YOUR TASK
Transcribe only the lines in the data below falling between the line with "恭喜得獎班級,預計於10/20(一)升旗進行頒獎!!" and the line with "- Drag the service", including those two lines, and leave out any picture.

START RECORDS FOR THIS EXERCISE

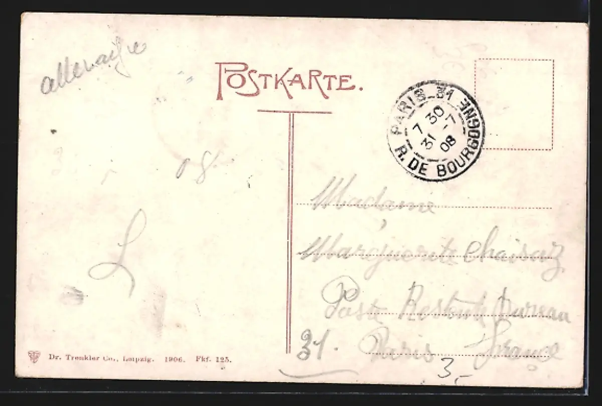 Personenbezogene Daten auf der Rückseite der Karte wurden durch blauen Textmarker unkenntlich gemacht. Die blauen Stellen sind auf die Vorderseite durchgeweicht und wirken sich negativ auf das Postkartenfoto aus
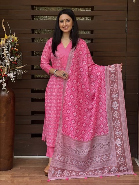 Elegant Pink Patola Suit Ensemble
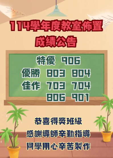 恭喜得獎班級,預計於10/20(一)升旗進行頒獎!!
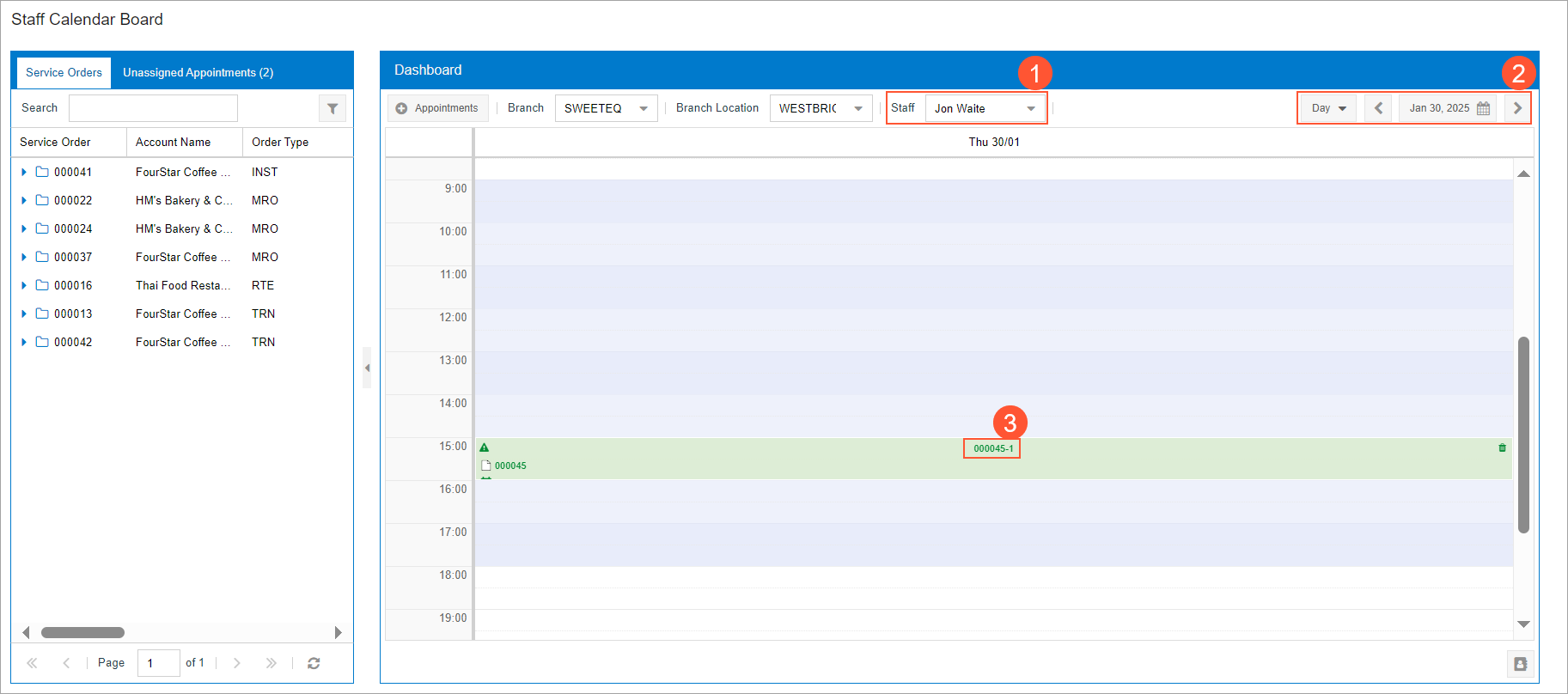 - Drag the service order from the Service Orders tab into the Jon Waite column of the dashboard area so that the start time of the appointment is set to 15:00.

END RECORDS FOR THIS EXERCISE
START RECORDS FOR THIS EXERCISE

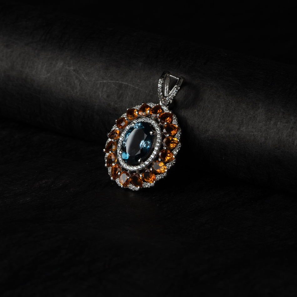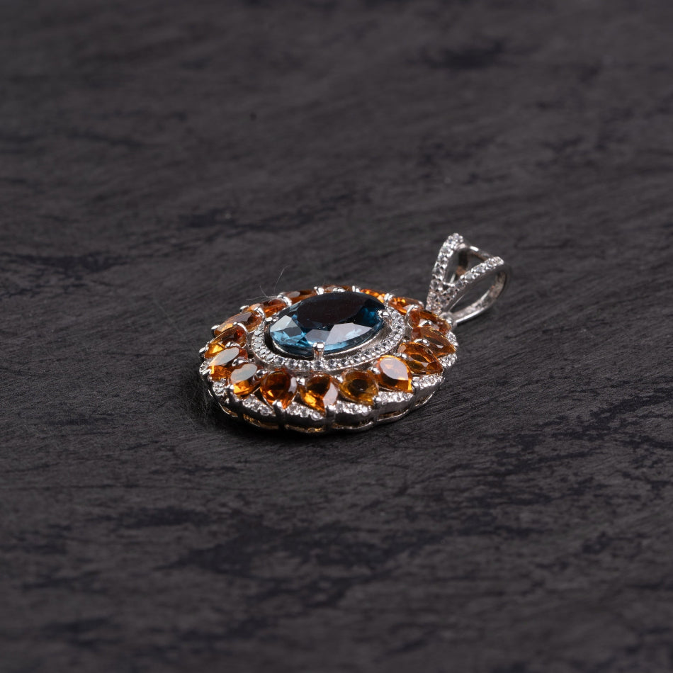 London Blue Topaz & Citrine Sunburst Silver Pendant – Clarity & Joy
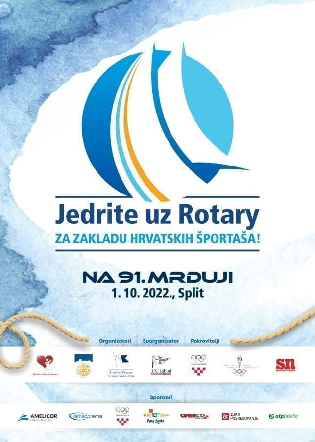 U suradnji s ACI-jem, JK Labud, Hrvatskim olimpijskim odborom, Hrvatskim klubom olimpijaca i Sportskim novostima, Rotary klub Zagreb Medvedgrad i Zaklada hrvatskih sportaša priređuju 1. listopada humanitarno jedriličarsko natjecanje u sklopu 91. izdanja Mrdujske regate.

END RECORDS FOR THIS EXERCISE
START RECORDS FOR THIS EXERCISE

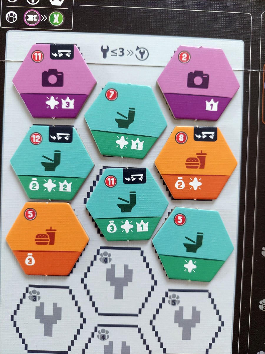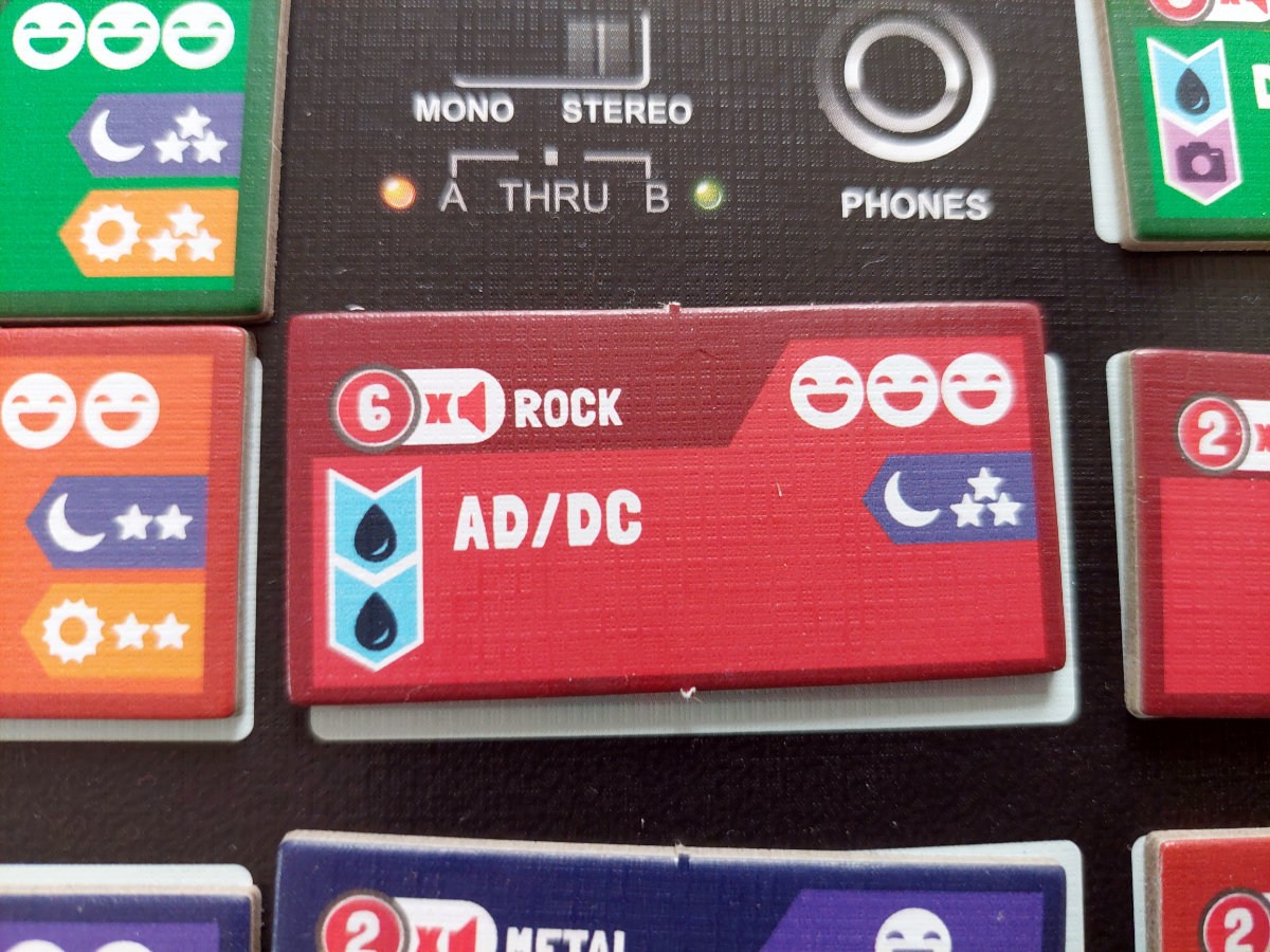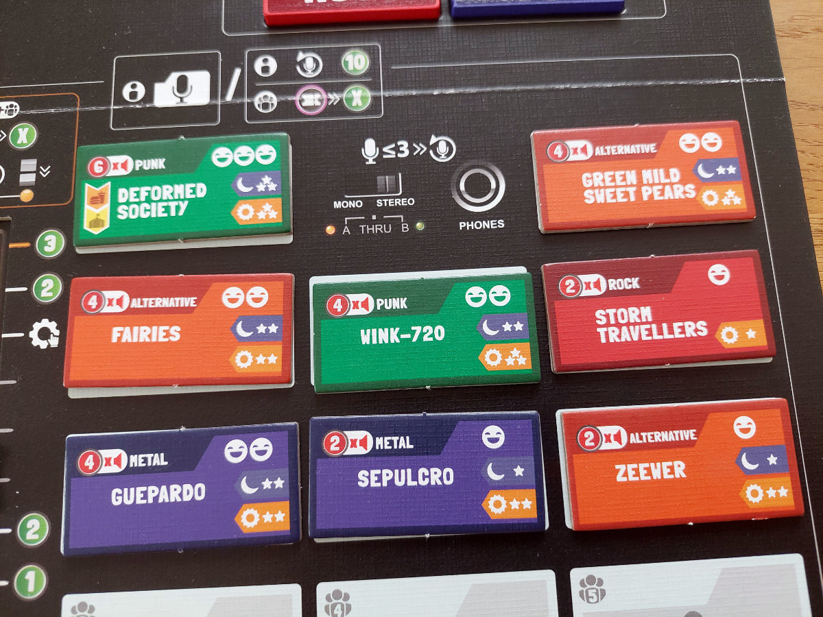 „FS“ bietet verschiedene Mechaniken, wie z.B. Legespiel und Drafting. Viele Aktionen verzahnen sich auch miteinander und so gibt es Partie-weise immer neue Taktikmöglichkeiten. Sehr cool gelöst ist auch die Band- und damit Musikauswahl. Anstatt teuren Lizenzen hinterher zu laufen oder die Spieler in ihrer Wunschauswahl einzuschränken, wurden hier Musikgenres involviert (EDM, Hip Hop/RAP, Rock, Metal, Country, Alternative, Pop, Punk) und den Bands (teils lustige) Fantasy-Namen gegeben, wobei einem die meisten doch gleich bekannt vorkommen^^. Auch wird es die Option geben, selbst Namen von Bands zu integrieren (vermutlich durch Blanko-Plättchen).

END RECORDS FOR THIS EXERCISE

ANSWER FOR THE TASK
 恭喜得獎班級,預計於10/20(一)升旗進行頒獎!!
 - Drag the service order from the Service Orders tab into the Jon Waite column of the dashboard area so that the start time of the appointment is set to 15:00.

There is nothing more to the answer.